Couple rich, greasy food with a house full of relatives, and even the hardiest drain or septic system might call it quits.
"Every year -- Christmas, Thanksgiving, New Year's Eve -- it's the same thing," said Jessica Poulin, office manager for Esposito Plumbing and Heating in Farmingdale.
Poulin said that though call volume didn't usually seem to rise over Thanksgiving, a caller's volume definitely did. "They're always in a panic when they call on a holiday," she said.
Ray Gremaux, owner of Ray the Plumber, which has three Suffolk County locations, said his company usually had only a quarter of its normal business on Thanksgiving.
"I would say over 50 percent of calls are for drain stoppages. Kitchen sinks, that's a big thing," he said. "Everybody's cooking. And it's always an emergency."

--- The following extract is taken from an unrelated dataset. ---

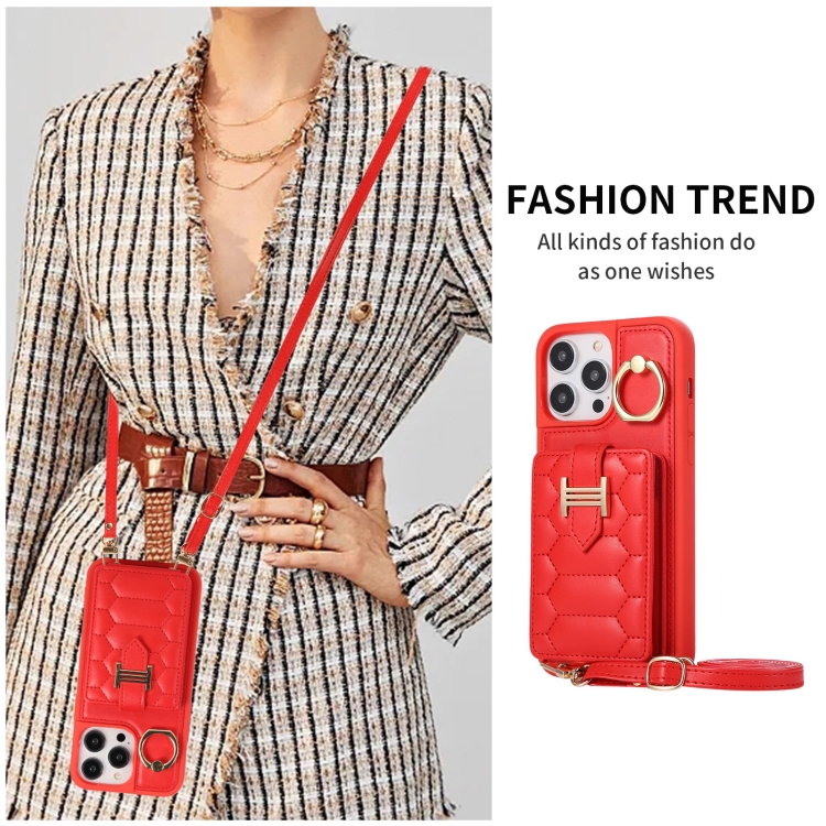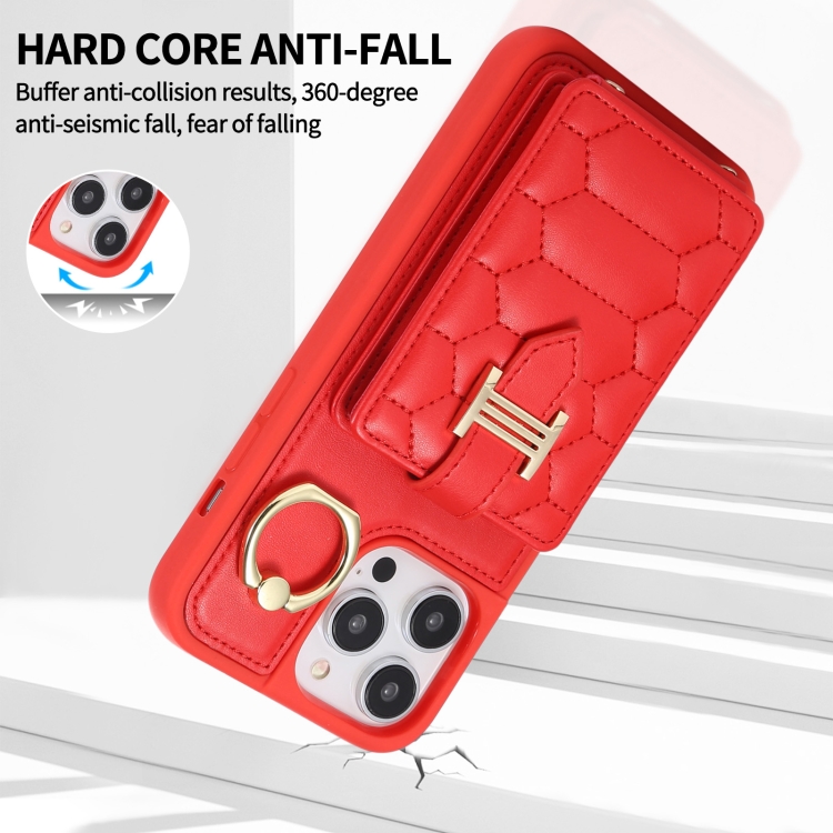 Funda para iPhone 14 Vertical Card Bag Ring Holder con Doble Cordón (Rojo)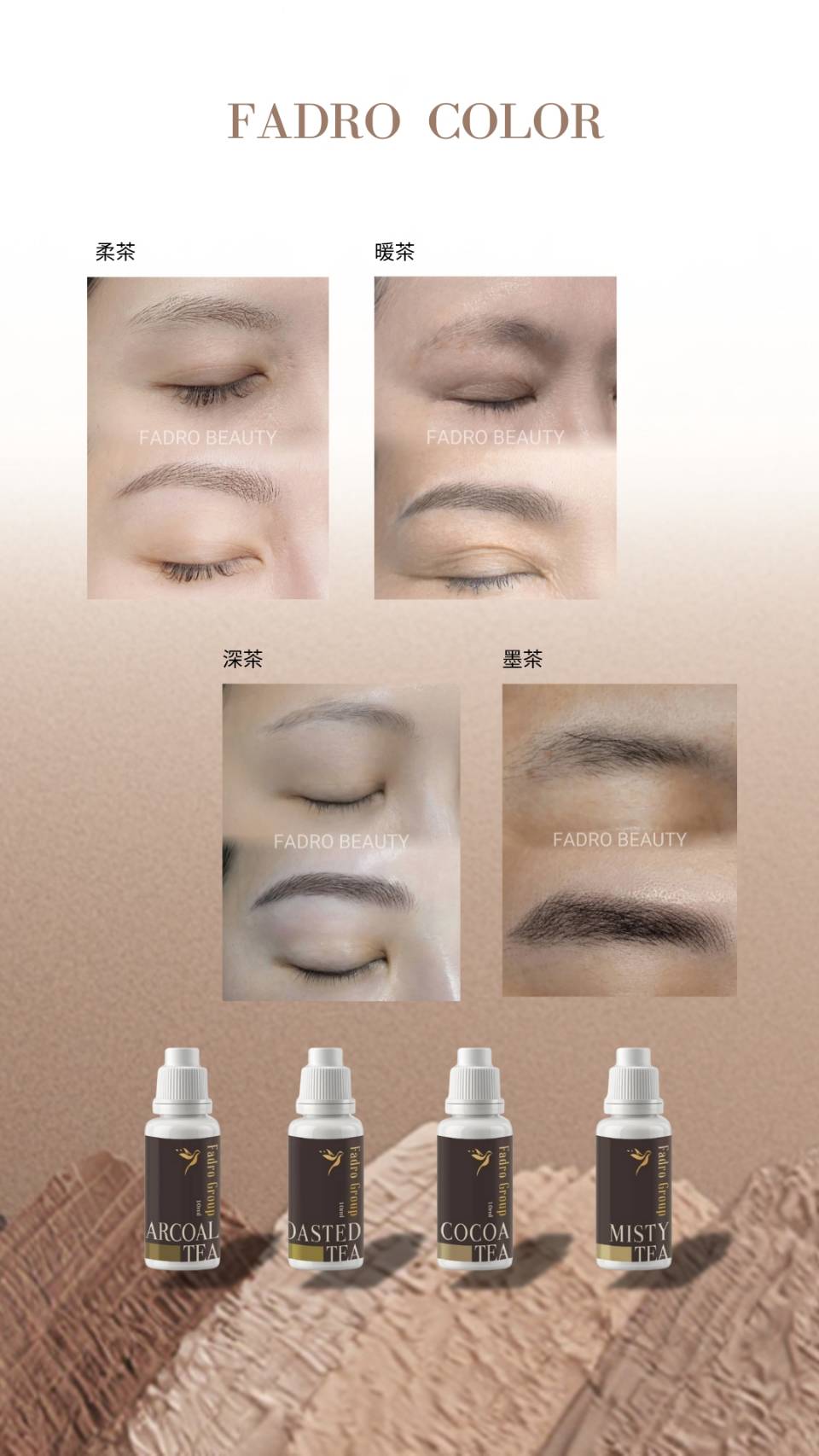 飄眉(線條眉)專用,此系列需調配顏色不單用,只要5瓶互相調配至少可達30種以上顏色,上市至今已經超過15年,顏色穩定且線條留色率很高,高價收費的眉毛必須量身訂製,在顧客面前為她調配,讓顧客倍感尊榮,且可以讓顧客留下深刻的好印象。

Though blocked drains and cesspool issues are among the most common on Thanksgiving, Gremaux said, water heaters also seem to pick turkey day to call it quits.
"Every holiday, we get water heaters. I don't care -- Christmas Eve, Christmas Day. Any holiday," Gremaux said.
Chris O'Connor runs Plumb Rite, a drain cleaning business in Hauppauge. O'Connor said every year he spends Thanksgiving rushing home between jobs to see his family and eat his dinner.
"If you got nothing going on, you run home, jam a couple slices of turkey down your throat, hopefully you can sit for a while."
Though he may miss his family's meal, he often is a crowd-pleaser at someone else's Thanksgiving.
"Usually when you get over there you're more popular than Santa Claus," O'Connor said.